Our offer includes a base salary of $220,000 per annum plus an annual bonus target of 50% of your base salary. Actual bonus awards are determined by the achievement of pre-defined Company and Individual objectives. Bonus awards can therefore be less than target, but they as well can exceed targets based on "stretch factors," or above plan performance. For Fiscal Year 2001 (FY01) only, we will prorate your bonus for the period of your actual service.

You will also be eligible to participate in our Stock Option Incentive Plan, which includes an initial stock option grant of 30,000 options. Thereafter, and on an annual basis, subsequent grants will be determined by pre-defined performance achievements; the established annual range of options for typical, or on-plan performance would be 8,000-12,000. All stock option grants are subject to approval by the Compensation Committee of our Board of Directors. You will also be eligible to participate in our Long-Term Cash Performance Plan. Copies of the Plans are included within our package.

Our offer of employment also includes relocation support, which includes coverage for the home sale and purchase transactions costs, personal goods shipment, and suitable temporary housing. We will also include a one time miscellaneous gross payment of $15,000.

You will also be eligible to participate in AutoZone's full group benefits and save-up programs which include medical, dental, vision, life and disability coverage along with a qualified pension and 401K program. In addition, we will include a one year severance commitment in the event of any "non-cause" related separations.

Your employment at AutoZone is "at will" and terminable at any time. We are enthusiastic about your willingness to establish a rewarding career with AutoZone.
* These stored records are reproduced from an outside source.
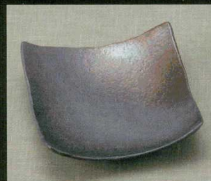
22019-664 黒窯変角皿(信楽焼) 3,150円 (17×17×6cm)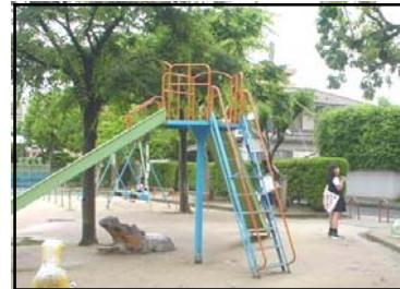
にしかすみちようこうえん 西霞町公園 大河小学校から最も近い公園。自主的に清掃活動がおこなわれ、地域の人々から愛されている公園です。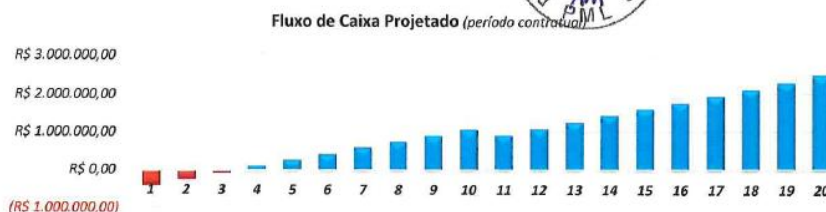
Quadro 20 - Indicadores do Fluxo de Caixa – Licitante FUNERÁRIA CRISTO REI LTDA.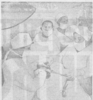
Медицинская часть завода имени Чкалова является лечебницей, оснащенной современным медицинским оборудованием. Ежегодно здесь лечатся тысячи трудящихся.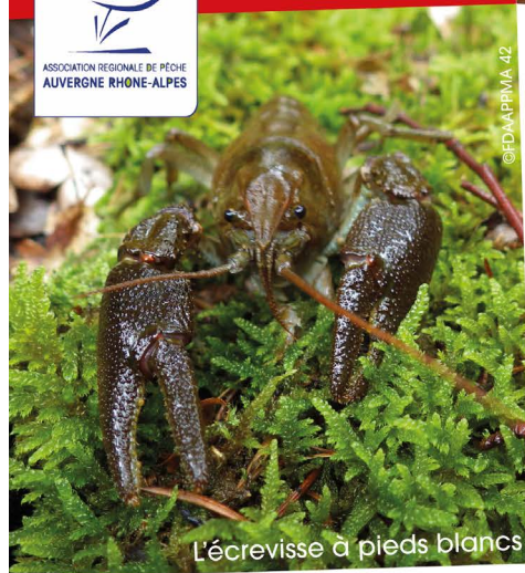
L'écrevisse à pieds blancs

PRÉFET DE LA RÉGION AUVERGNE- RHÔNE-ALPES Liberté Égalité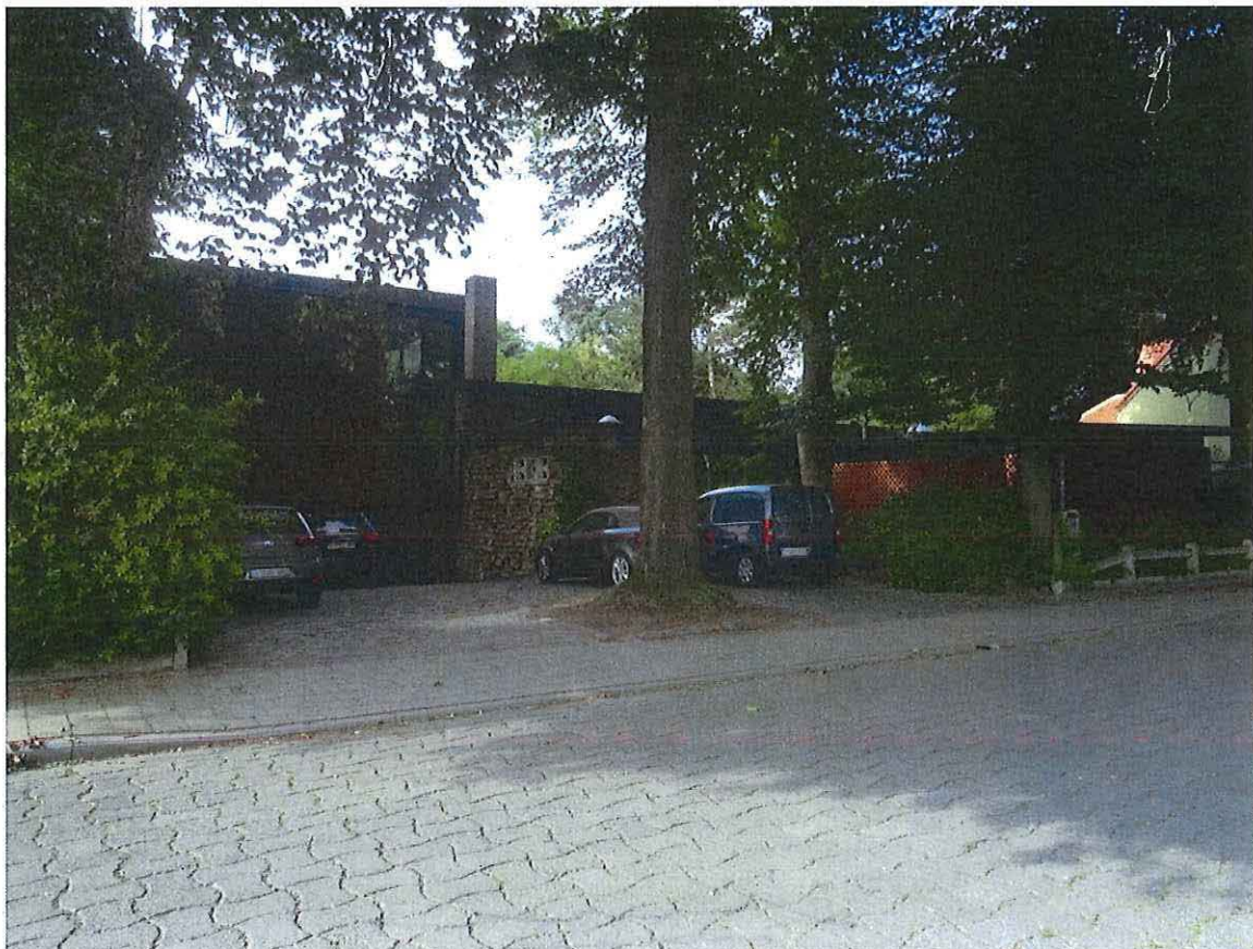
Foto 2: Voorgevel (noorden) en oprit aan de Oudeheerweg, zicht vanuit het noordoosten.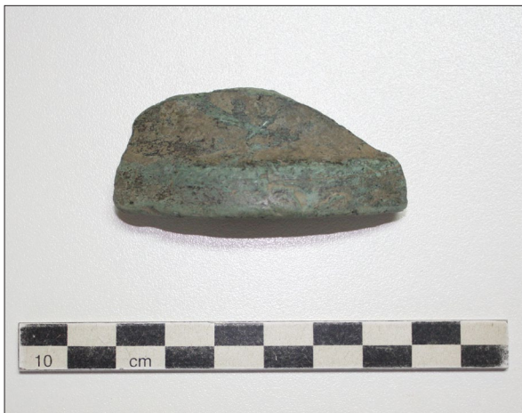
Sl. 1. Marjanski Ivanovci-Žagrovac – Fragment brončanog predmeta

In 2014 the Institute of Archaeology from Zagreb started a project of systematic archaeological field survey of Donji Miholjac and surrounding municipalities. The project's objective is to give better insight into the settlement pattern of that area through archaeological periods, in order to create a micro-topography of this part of River Drava Basin.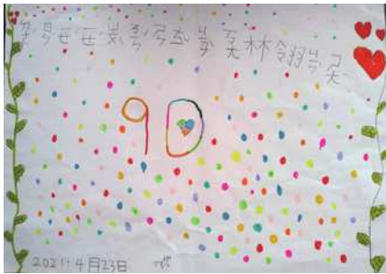
圖1 一張珍稀可貴的圖畫。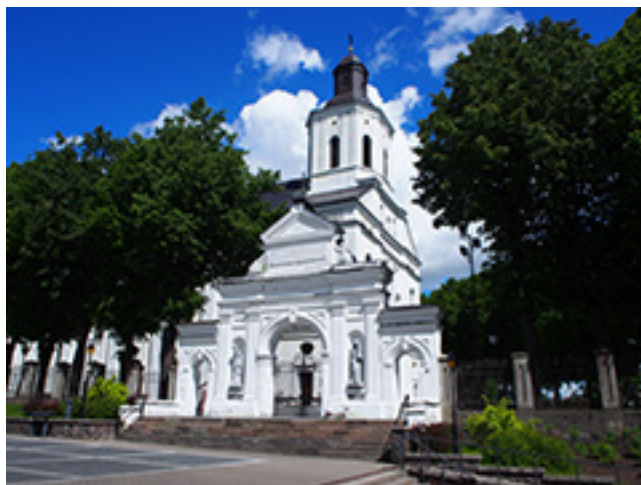
Telšių Šv. Antano Paduviečio katedra.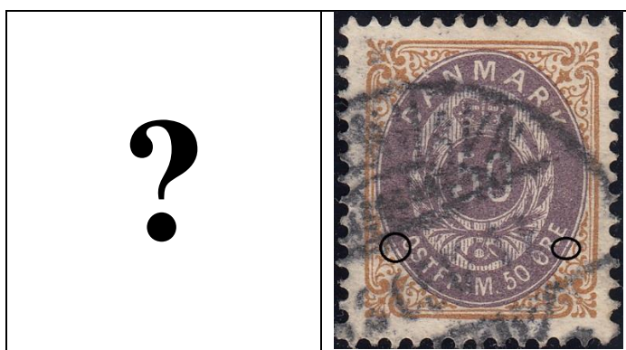
OF.29 er ikke registreret i 50ø12 indtil nu.

(ekstra kendetegn: farveplet mellem ovalbånd og ovallinie under O i POST, se også 50ø14 pos. 17)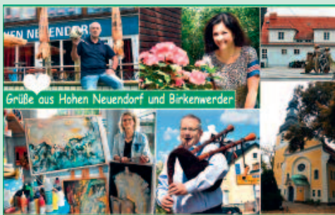
Grüße aus Hohen Neuendorf und Birkenwerder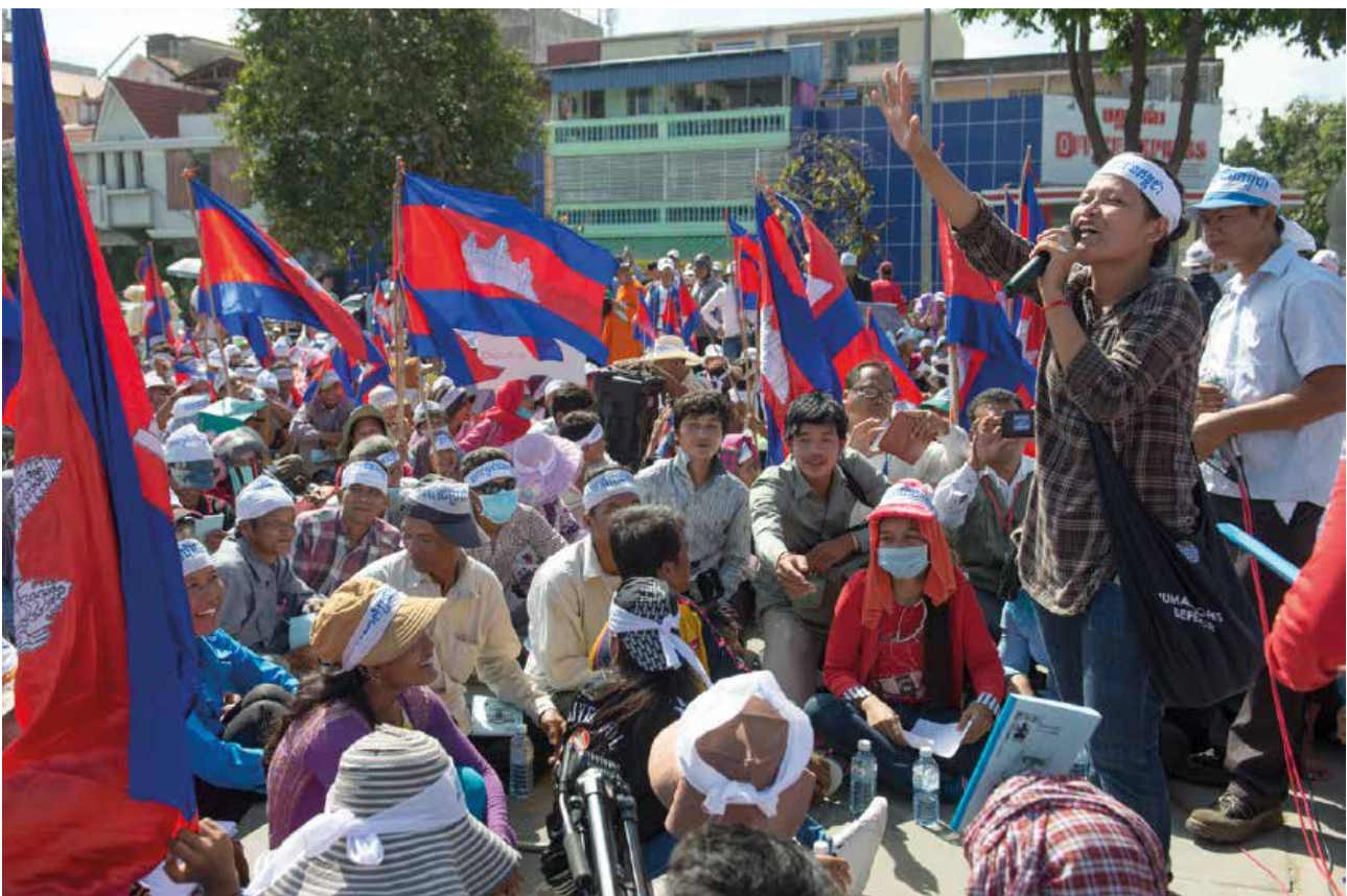
Des ouvriers et ouvrières d'une usine textile manifestent dans les rues de Phnom Penh. Ils et elles réclament de meilleurs salaires et conditions de travail et le respect de leurs droits en tant que salariées.

Voir les références suivantes : L'Académie de macroéconomie féministe africaine de FEMNET 18 ; le Climate Negotiator Delegates Fund de l'Organisation des femmes pour l'environnement et le développement 19 ; la documentation (en anglais) de la Commission Huairou sur les innovations des femmes au niveau local en matière de propriété foncière et du contrôle de propriété 20 , de résilience aux catastrophes 21 et de gouvernance locale pour l'éradication de la pauvreté 22 ; un guide rapide sur la fiscalité en faveur de l'égalité de genre (en anglais) d'Oxfam et d'un groupe de femmes sur le budget 23 ; des guides (en anglais) du Center for Feminist Foreign Policy 24 ainsi que des formations, des notes d'information et des soumissions du Asia Pacific Forum on Women, Law and Development sur les traités et accords commerciaux régionaux et internationaux actuellement en cours de négociation 25 .

Please feel free to call either me or Joe to address any follow up questions.

Sincerely,

/s/ Steve Odland

Steve Odland
Chairman and CEO
Customer Satisfaction
 



[AUTOZONE letterhead]
 
 
 
 

February 8, 2001
 
 
 
 

Daisy Vanderlinde
1040 Deep Woods Trail
Brentwood, TN 37027

Dear Daisy,

As a supplement to our initial offer of employment, please understand the following:

The entitlement to 1 year of severance includes: Continued medical benefits coverage - either through staying on the payroll or company sponsored COBRA payments for the full year. We will also provide suitable Executive Outplacement service.

You have an annual vacation entitlement of three (3) weeks, including your initial period of service for the balance of FY01.

We have enclosed both the Supplemental Retirement Plan and the Supplemental Life Insurance information.

Once again, we are delighted you have chosen to accept our offer to become a member of the Senior AutoZone Team. We look forward to your arrival on or about March 5th, and Joe's "former" Human Resources team stands ready to help both your professional and personal transition.